On Its 75th Anniversary, Italy's Cinecittà Studio Attempts to Recapture Its Former Glory
By L. Freeman
Rome
Alessandro De Angelis is the fourth generation of his
family to make props in the sculpture shop at Rome's legendary Cinecittà movie
studio. His 16-year-old daughter will follow him into the business — he hopes.
The De Angelis name is synonymous with quality throughout the film industry,
yet he fears that fierce international competition for Hollywood production
money, the slow decline of the Italian movie industry, and advances in
technology will eventually put artisans like him out of business. Already, the
family can no longer depend on movies alone to stay afloat — De Angelis
compensates his income by making copies of statues for museums. "Almost
nobody comes knocking on our door to learn the trade anymore," he says. De
Angelis' struggles mirror that of Cinecittà, which as it celebrates its 75th
anniversary on Saturday is a shell of its former glamorous self. Benito
Mussolini built Europe's biggest movie studio in the 1930s in pursuit of a
Fascist celluloid propaganda machine. It took 457 days to complete — far less
time than fixing many potholes in 21st century Rome — and in the six years
after its April 28, 1937, inauguration under the slogan, "Il cinema e
l'arma piu forte" ("Cinema is the strongest weapon"), it
produced some 300 films. The studio's heyday came during the 1950s and '60s
Italian economic boom when Federico Fellini and Marcello Mastroianni made such
masterpieces as La Dolce Vita and 8½. Tax incentives also lured Hollywood
producers to Cinecittà to film sword-and-sandal epics like Ben Hur and the
romantic treacle Roman Holiday.
Today's Italian actors and directors say that's all
ancient history.

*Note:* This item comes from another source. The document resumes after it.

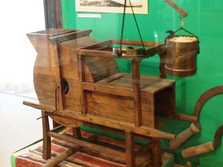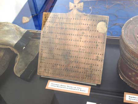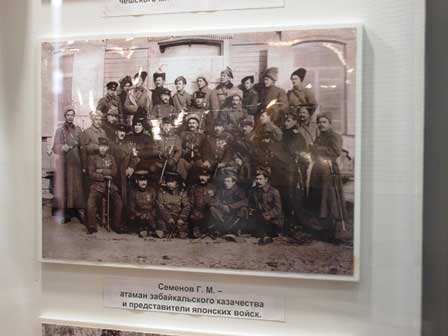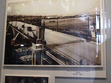 2段目中央の展示品は、19世紀に農民が使っていた木製のカレンダー。3段目左は、日本の稲作農家がかつて使っていた唐箕に似ている気がしてならない。説明文が全部ロシア語だったから、ほんとうのところはわからないが、何なのだろう?同じく中は、十月革命後日本が干渉軍を送ってシベリアの奥深くまで入り込んだ時期に、セミヨーノフというザバイカル・コサックの首領が日本軍の代表者と会見した時の写真。さらにその右は、初めてアンガラ川に架けた橋の工事風景。 (最上段:2001年3月、2,3段目:2016年8月撮影)

Italy's film output began to decline in the 1980s before going
into a free fall in the '90s, in part, those in the industry believe, due to
the monopolization of production by former Prime Minister Silvio Berlusconi's
media empire, the Ministry of Culture and state broadcaster RAI. To make
matters worse, foreign productions also started bypassing Cinecittà's sound
stages for more affordable options in Eastern Europe. In 1997, Cinecittà was on
the verge of bankruptcy, saved only when the government sold the property to
private investors, including the owner of the luxury shoe company Tod's, Diego
Della Valle. Hundreds of movies were once made annually at Cinecittà, but last
year, just eight Italian films and six television series were shot there.

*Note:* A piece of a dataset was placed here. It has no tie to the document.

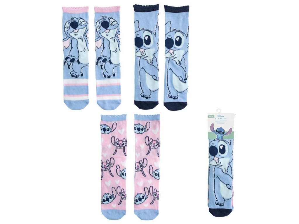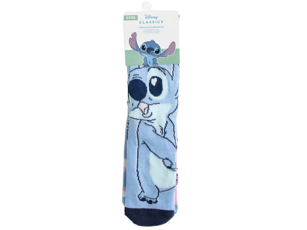 Oficiální produkt - set dětských ponožek z doplňkového a fashion zboží z katalogu produktů s logem, grafikou a fotografiemi animovaného filmu Lilo & Stitch od společnosti Disney.

"Cinecittà should be named Telecitta. It was
mythical. Now they shoot TV shows," says Laura Morante, one of Italy's
most admired actresses. Morante, who has nearly 90 movies and television shows
to her credit, believes Italian politicians have left film and "culture in
general" by the wayside in recent years, a major reason for the studio's
downfall. For instance, she struggled for more than seven years to find Italian
investors for her directorial debut, a romantic comedy called Ciliegine (Little
Cherries), but in the end, was forced to make the film abroad. "Nobody
called me back. I think my project was stuck in bureaucracy. In the meanwhile,
the French asked me to do it," she says. She encourages frustrated talent
to follow her lead: "Go abroad. It's very difficult here."
Evidence of cultural abandonment by the Italian
government isn't too hard to find. In recent years, the government has
dramatically slashed funding for the arts as it's tried to reign in the world's
fourth-largest debt — much to the anger of directors, actors, artists, and the
public. Sandro Bondi, the former culture minister who in 2010 famously accused
Venice Film Festival jury president Quentin Tarantino of being the embodiment
"of an elitist, relativist and snobbish culture," was outraged last
year when the government cut funding for Cinecittà's state-owned archive from
29 million euros to 7.5 million euros, threatening the future of the facility.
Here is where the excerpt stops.